A questão da língua e sua obrigatoriedade em ser o português, língua do colonizador, diz sobre duas coisas: sobre a hierarquia colonial que ainda faz parte do sistema escolar moçambicano, e sobre sua influência no processo de ensino-aprendizagem. Um dos principais motivos de desistência e/ou abandono escolar é a questão da língua, sendo um problema ainda nos primeiros anos de escolaridade, pois, segundo Macamo (2015), é comum as crianças, ao entrarem na escola, falarem uma língua materna diferente da língua do ensino escolar, fazendo com que, ao contrário do que discutem Castiano et al. (2005), as habilidades e competências adquiridas pelas crianças em convívio com sua comunidade não sejam aproveitadas durante a escola.

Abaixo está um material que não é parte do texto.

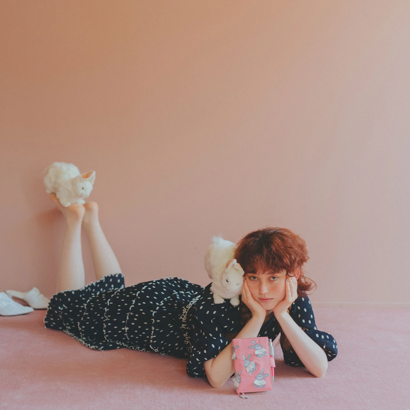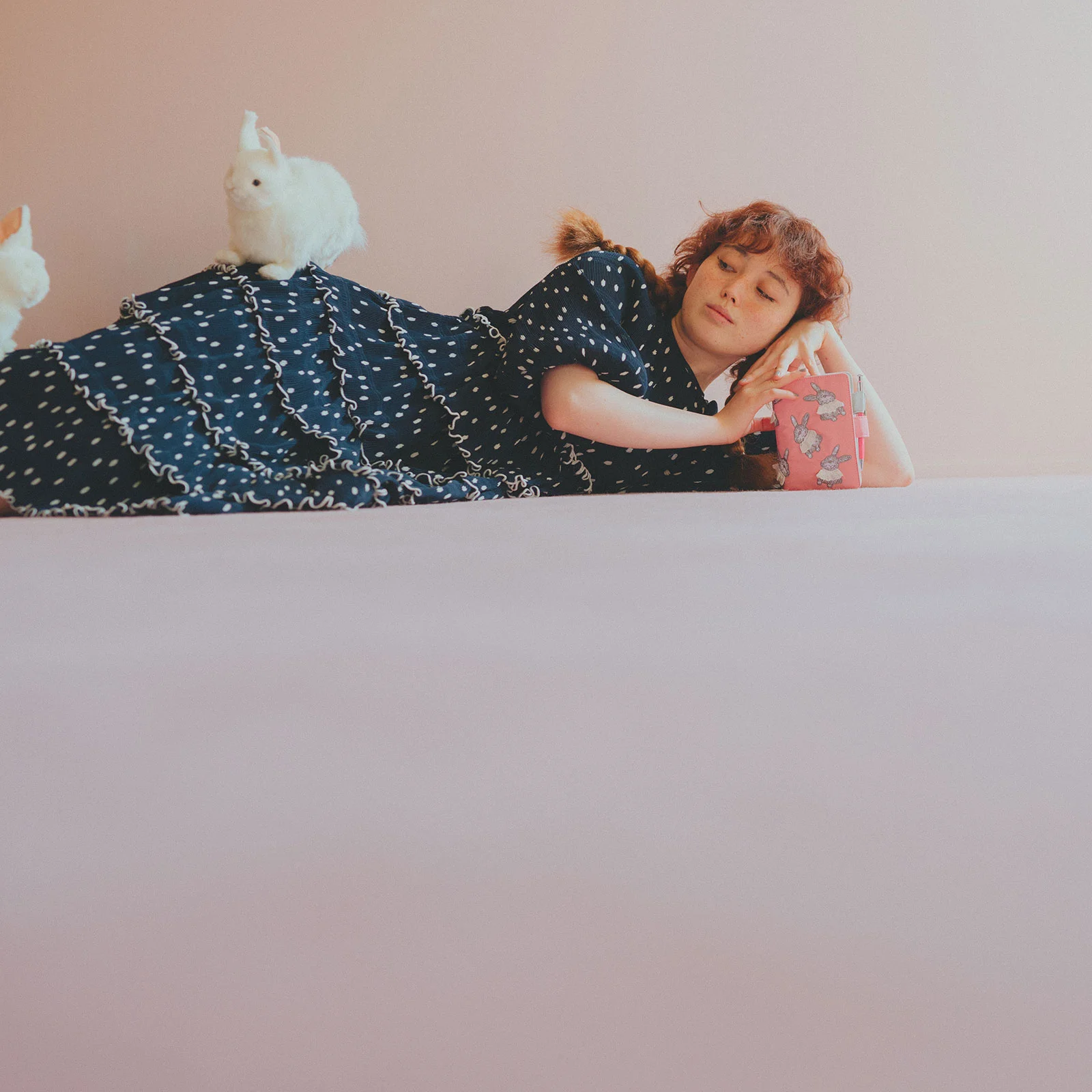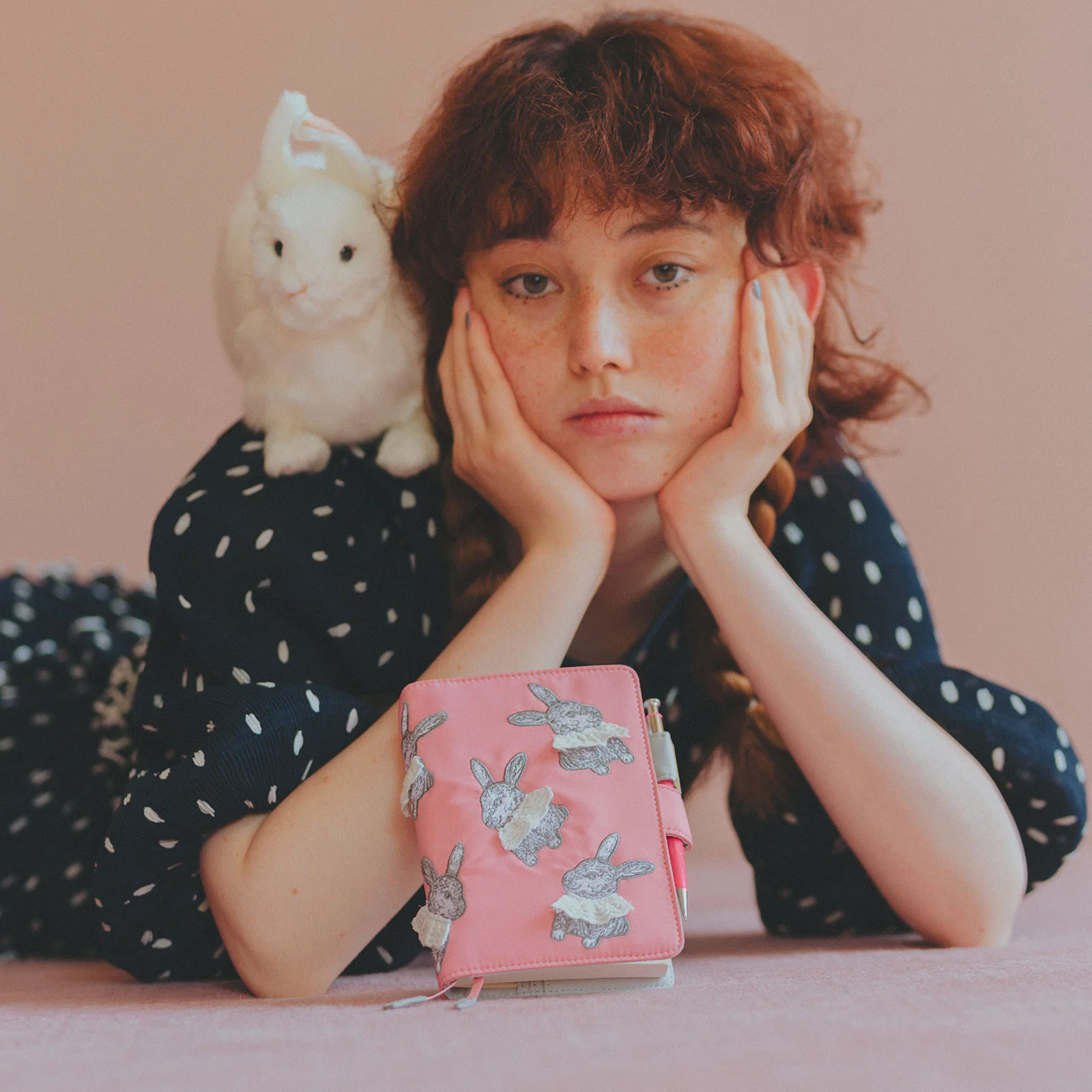 The rabbit with a striking presence sits on the cover with a smile on its face. You will never grow tired of looking at its perfectly balanced expression. The cuteness coming from the rabbit primly lining up its front feet is part of the charm too. Around the collar, real cotton lace is sewn on. It’s a Candy Stripper-like design to add playfulness to their items.

Como pensamos, então, um ensino que agregue as multiculturalidades e que valorize a africanização, como discutem os autores, se na prática há uma exclusão das línguas maternas e saberes múltiplos, como os trazidos pelas crianças, definidos e preconizados dentro dos sistemas educacionais moçambicanos?
Quem sabe mais? Aprender e ensinar segundo Adelaide
Alguns professores faltavam com frequência. Adelaide, que estava na 7ª classe, referia esse fato como sendo algo habitual, mas que dificultava seu aprendizado nas matérias que tinha na escola. Ela questionou o fato de alguns professores baterem nas crianças – prática que acabava sendo recorrente e, em algumas vezes, validada por muitos familiares num entendimento de que se colocava disciplina nas crianças, como era no caso da família de Adelaide. Tratava-se, como percebido e conhecido através de diálogos com os mais velhos, de uma prática antiga e que foi vivida por várias gerações. As mães diziam que seus professores também lhes batiam. “Aqui é normal isso”, afirmou Margarida, mãe de Adelaide. Para Adelaide, não era bom os professores baterem, afirmando que “não é certo, preferia que não batessem. Não deviam bater, pode dar problema. Você bate nas crianças e podem se aleijar... Eu mesma já me aleijei”, e então contou da vez que, por ter errado uma resposta, um dos professores a bateu com o apagador de lousa sobre a mão: “assim oh (e mostrou a posição de sua mão – palma voltada para cima – e fez gesto de como o professor lhe bateu). Ficou vermelha. Como dói! Tenho medo, não respondo mais nada, só quando me chamam”.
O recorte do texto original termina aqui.